Before you write out the listing, remove the pictures; everything else stays exactly as it is.

___ Given information ___

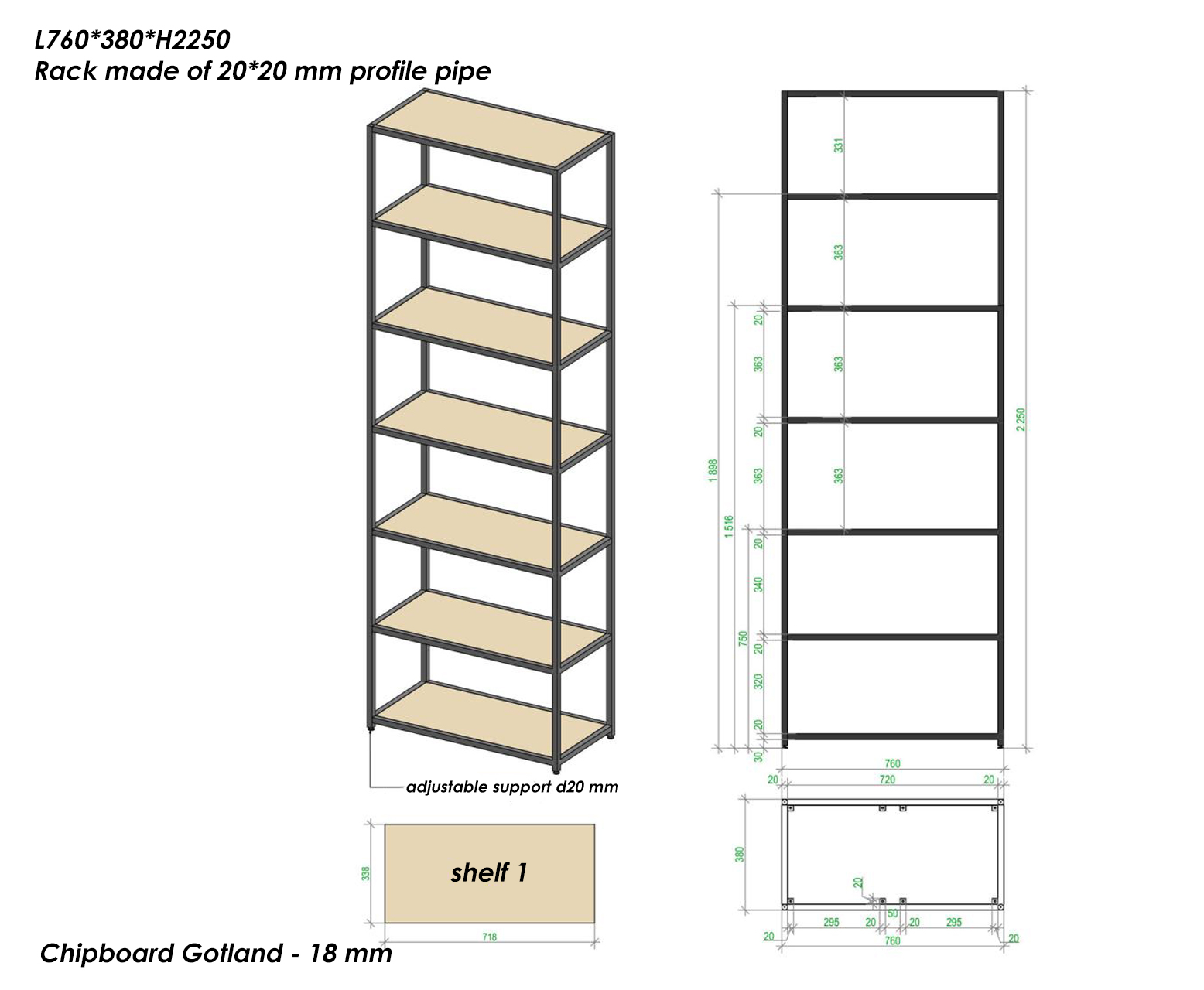 | Additional features | The thickness of the frame pipe is 20*20 mm, the shelves are 18 mm chipboard. |
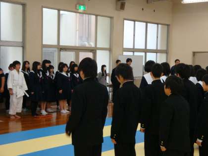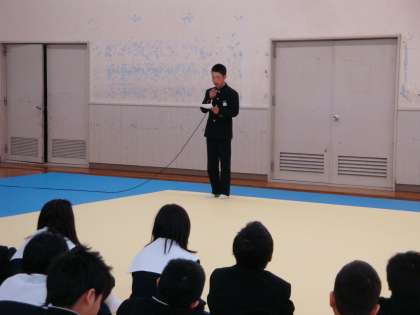 写真は、「生徒会役員の終わりのあいさつ」と「紹介をしてくれた先輩へのお礼」の様子です。
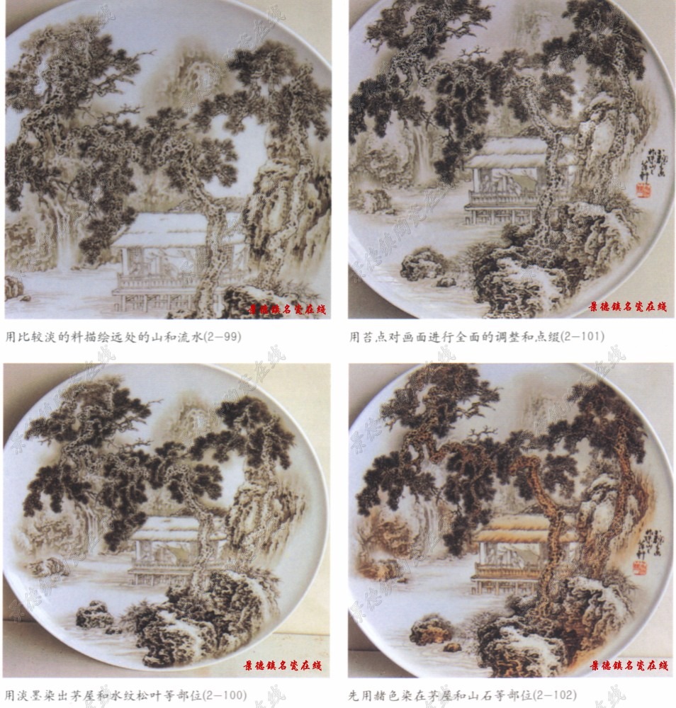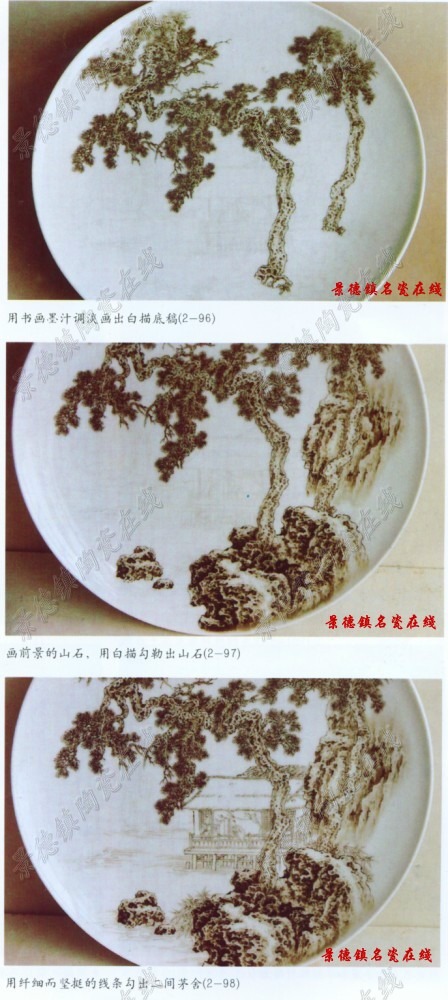 粉彩山水画基本步骤:用书画墨汁调淡画出白描底稿,然后先画前景的两株松树,取双勾法,自上而下用中锋线条,浓墨勾出松树主干,然后勾出松鳞和枝丫。在料未干前用狼毫小笔打扁擦出松鳞的阴阳纹理。再用浓墨画松针,在规范中求变化,注意松树的外形特点,和树姿的美感。
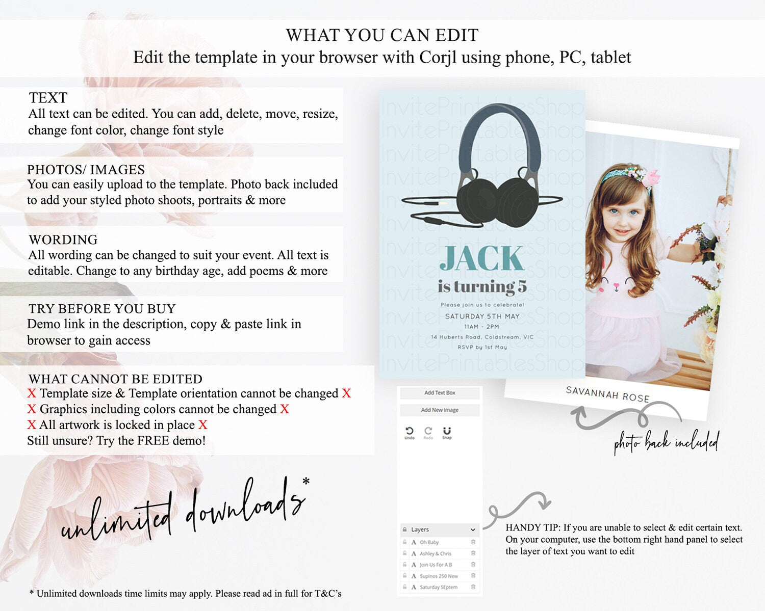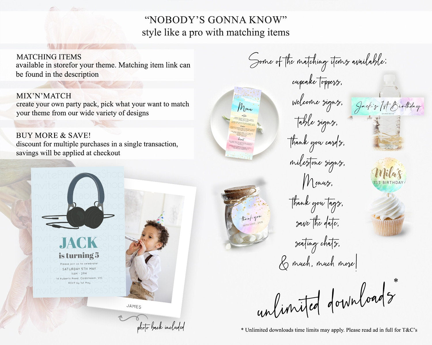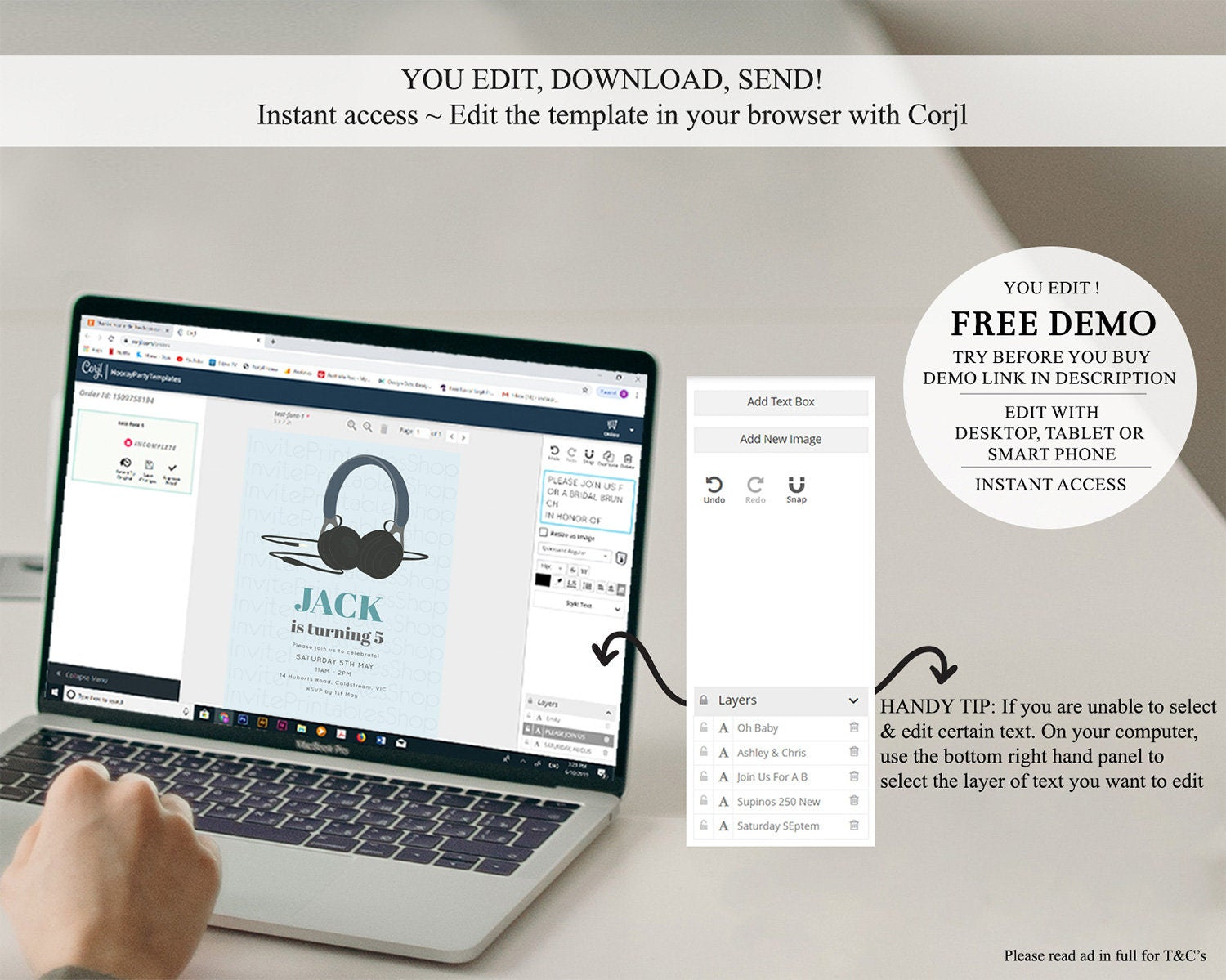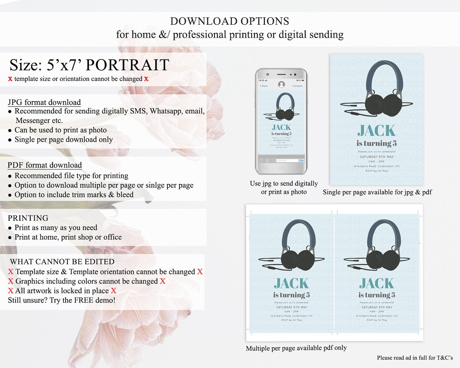 DJ Birthday Invitation DJ Headphones Birthday Invitation Zoom Party Invitation Techno House Dance Music Club Disco Electro Party D10866
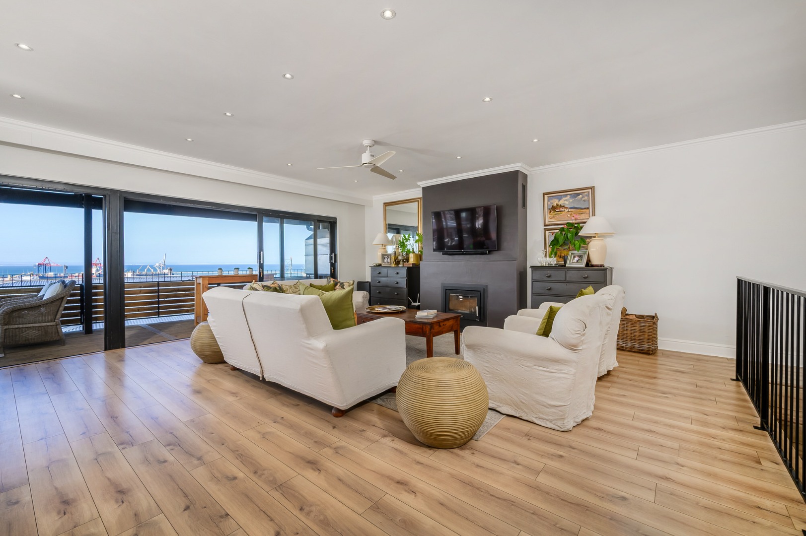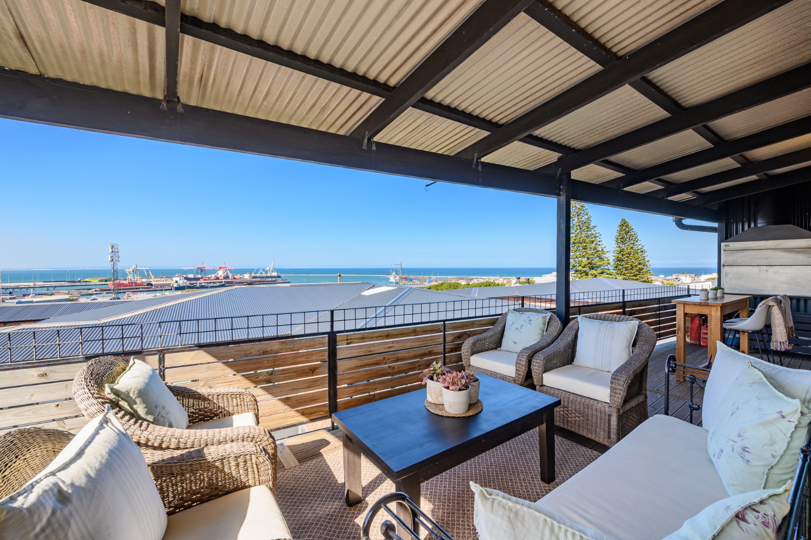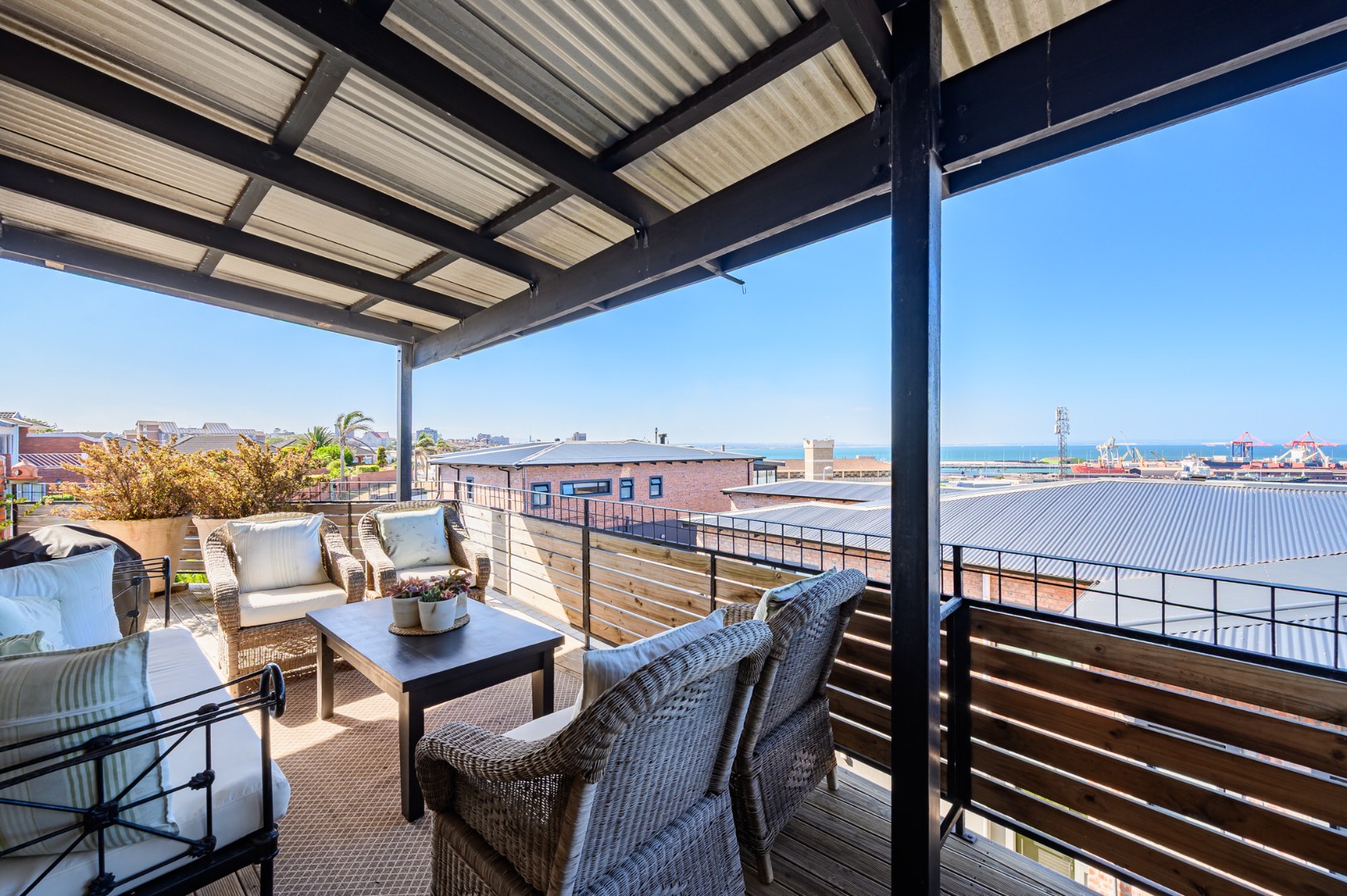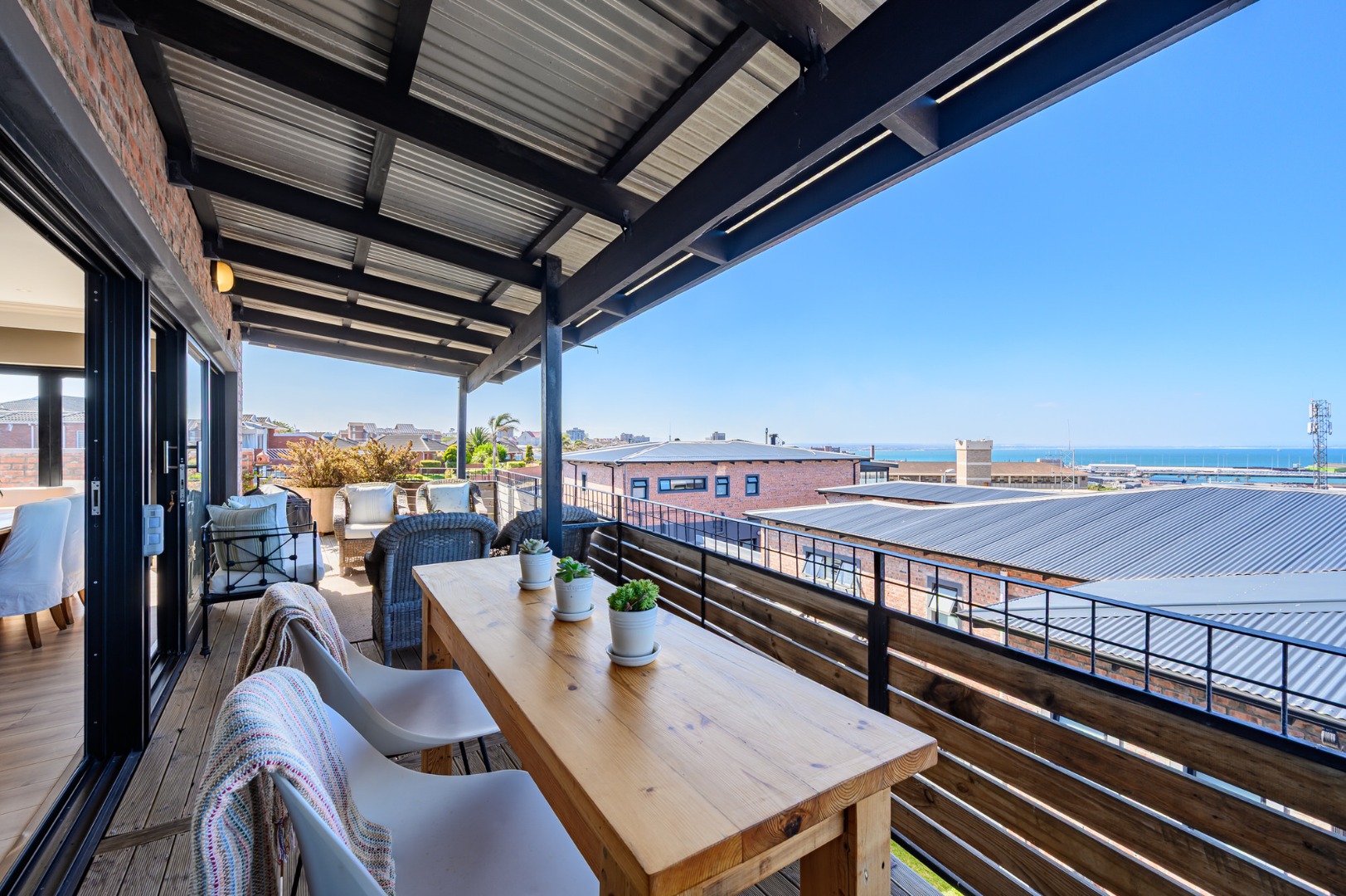 Upstairs, secured with a remote roll-down security door, the home opens into a sun-drenched open-plan living space featuring a lounge with fireplace, dining area, and a modern, well-appointed kitchen. The standout balcony, complete with a built-in Jetmaster braai, delivers what may be the best views in town, stretching across the historic central area, harbour, and all the way to Summerstrand.
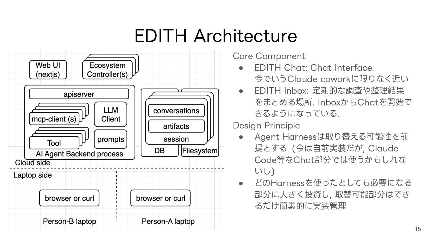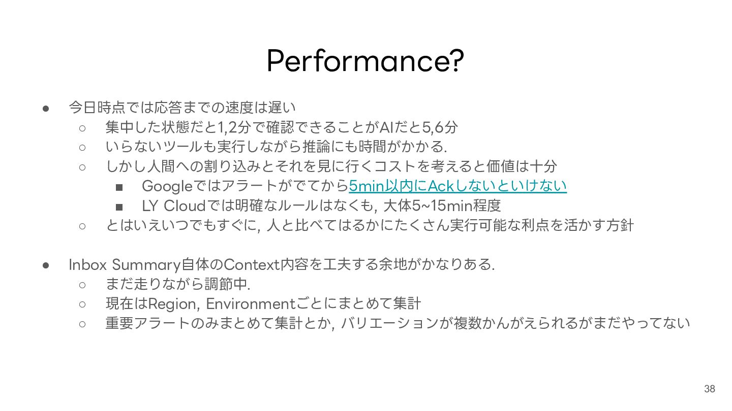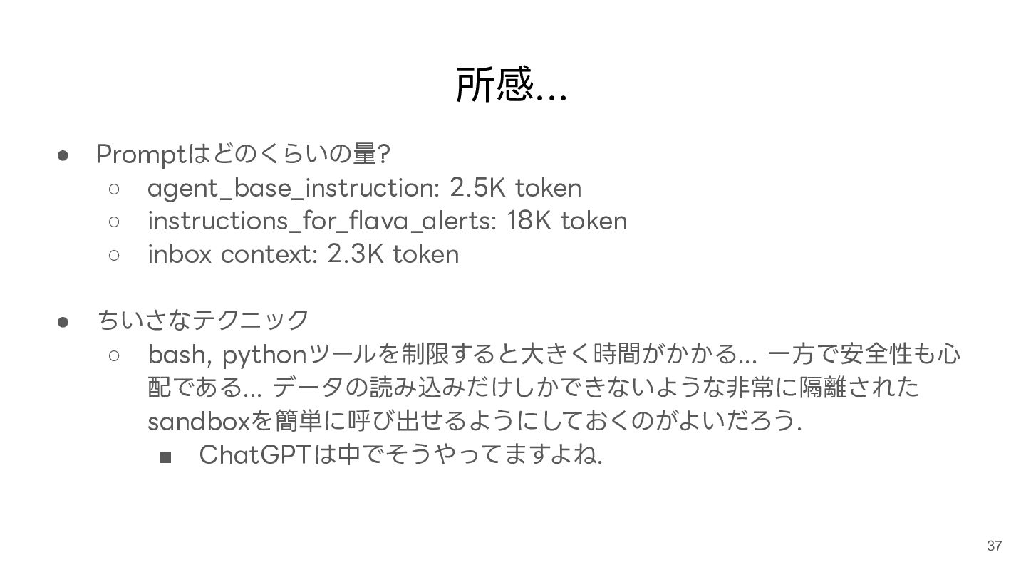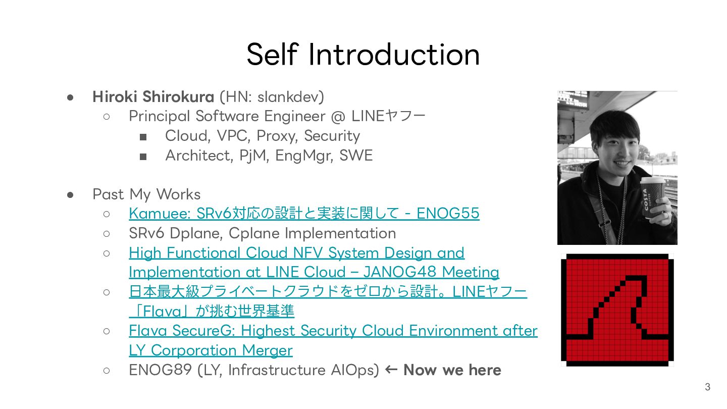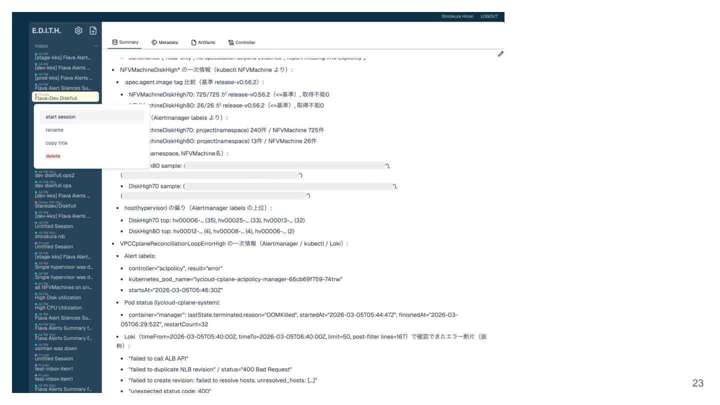 場合によっては運⽤のルールを変える.(政治もあきらめない) • 我々の⾏っている具体例 ◦ Operation Policy, Operation Catalogなど, ⼈とAIが⾒る資料を共通化. 型づけと分類 ▪ 関連事故件数, 作業ごとのリスク, 確認項⽬, 懸念コメント, etc.. ▪ AIがその作業をする時は読んでヒントにできるようにしておく ▪ 運⽤向けAIアプリだけでなく, Codex, Claudecodeでも参照する⼈が増えてきた ◦ AIも⼈にもリスクの低い作業で⾊々できるようにしておく ▪ 「経路の迂回は⼀定の⾃由度で⾏える温度感」 ▪ 「プロセスの再起動はいつ起こってもよいことにする」 ◦ AIが⾃由にサーバにログインして何かするのは最終⼿段 ▪ 流⽯にコンプライアンスのリスクもある ▪ システム状態確認はツール型で制限 (docker ps, show bgp, traceroute, etc..) ▪ ツール系はReadは広く, Writeは狭く まだまだ 試⾏錯誤中

___

§ **Your solution**
 | Additional features | The thickness of the frame pipe is 20*20 mm, the shelves are 18 mm chipboard. |
 写真は、「生徒会役員の終わりのあいさつ」と「紹介をしてくれた先輩へのお礼」の様子です。
 粉彩山水画基本步骤:用书画墨汁调淡画出白描底稿,然后先画前景的两株松树,取双勾法,自上而下用中锋线条,浓墨勾出松树主干,然后勾出松鳞和枝丫。在料未干前用狼毫小笔打扁擦出松鳞的阴阳纹理。再用浓墨画松针,在规范中求变化,注意松树的外形特点,和树姿的美感。
 DJ Birthday Invitation DJ Headphones Birthday Invitation Zoom Party Invitation Techno House Dance Music Club Disco Electro Party D10866
 Upstairs, secured with a remote roll-down security door, the home opens into a sun-drenched open-plan living space featuring a lounge with fireplace, dining area, and a modern, well-appointed kitchen. The standout balcony, complete with a built-in Jetmaster braai, delivers what may be the best views in town, stretching across the historic central area, harbour, and all the way to Summerstrand.
 場合によっては運⽤のルールを変える.(政治もあきらめない) • 我々の⾏っている具体例 ◦ Operation Policy, Operation Catalogなど, ⼈とAIが⾒る資料を共通化. 型づけと分類 ▪ 関連事故件数, 作業ごとのリスク, 確認項⽬, 懸念コメント, etc.. ▪ AIがその作業をする時は読んでヒントにできるようにしておく ▪ 運⽤向けAIアプリだけでなく, Codex, Claudecodeでも参照する⼈が増えてきた ◦ AIも⼈にもリスクの低い作業で⾊々できるようにしておく ▪ 「経路の迂回は⼀定の⾃由度で⾏える温度感」 ▪ 「プロセスの再起動はいつ起こってもよいことにする」 ◦ AIが⾃由にサーバにログインして何かするのは最終⼿段 ▪ 流⽯にコンプライアンスのリスクもある ▪ システム状態確認はツール型で制限 (docker ps, show bgp, traceroute, etc..) ▪ ツール系はReadは広く, Writeは狭く まだまだ 試⾏錯誤中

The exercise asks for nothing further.